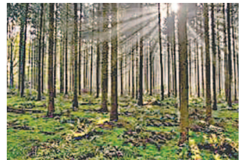
Ambicioso reto se planteó Dinamarca con la plantación de millones de árboles

Cuidar los bosques solo es cuestión de llevar adelante las siguientes acciones:
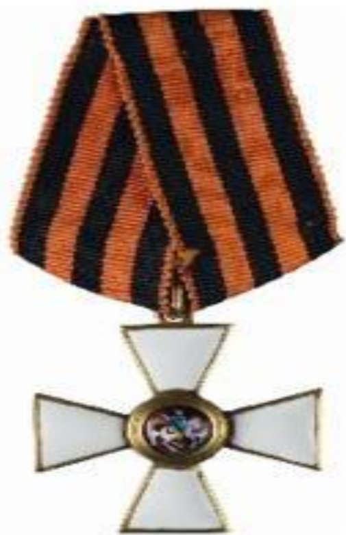
КАВАЛЕРОВ ОРДЕНА СВЯТОГО ГЕОРГИЯ
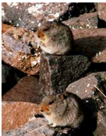
Topi del ghiaccio

Al mattino è tutto avvolto da una fitta nebbia. Facciamo dogana per rientrare in Sudafrica e iniziamo la ripidissima discesa sulla pista, permessa solo ai 4x4. Come d'incanto le nubi si dissolvono e lasciano intravedere un panorama selvaggio ed emozionante.
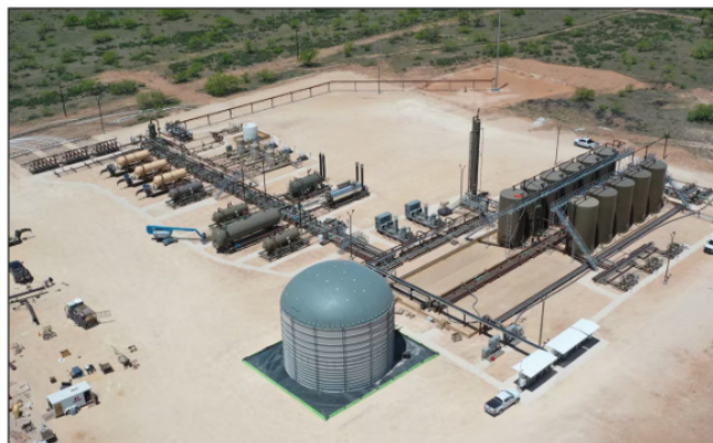
Las filiales de Ecopetrol , Geopark y Hocol, confirmaron hallazgos en la exploración y desarrollo de los bloques Llanos 86, Llanos 87, Llanos 104, Llanos 124 y Llanos 123 en la cuenca Llanos.

Geopark, compañía latinoamericana independiente líder en exploración y producción de petróleo y gas, en alianza con Hocol, filial del Grupo Ecopetrol . Han presentado hoy, 12 de noviembre del 2024, los importantes avances en el descubrimiento, exploración y el desarrollo de más de tres pozos de petróleo , principalmente ubicados en el departamento del Meta.

◆ ◆ ◆ ◆ ◆ ◆ ◆

- [TASK TO COMPLETE]
Reproduce the listing above exactly, without a single picture.

- [EXPECTED ANSWER]
Ambicioso reto se planteó Dinamarca con la plantación de millones de árboles

Cuidar los bosques solo es cuestión de llevar adelante las siguientes acciones:
КАВАЛЕРОВ ОРДЕНА СВЯТОГО ГЕОРГИЯ
Topi del ghiaccio

Al mattino è tutto avvolto da una fitta nebbia. Facciamo dogana per rientrare in Sudafrica e iniziamo la ripidissima discesa sulla pista, permessa solo ai 4x4. Come d'incanto le nubi si dissolvono e lasciano intravedere un panorama selvaggio ed emozionante.
Las filiales de Ecopetrol , Geopark y Hocol, confirmaron hallazgos en la exploración y desarrollo de los bloques Llanos 86, Llanos 87, Llanos 104, Llanos 124 y Llanos 123 en la cuenca Llanos.

Geopark, compañía latinoamericana independiente líder en exploración y producción de petróleo y gas, en alianza con Hocol, filial del Grupo Ecopetrol . Han presentado hoy, 12 de noviembre del 2024, los importantes avances en el descubrimiento, exploración y el desarrollo de más de tres pozos de petróleo , principalmente ubicados en el departamento del Meta.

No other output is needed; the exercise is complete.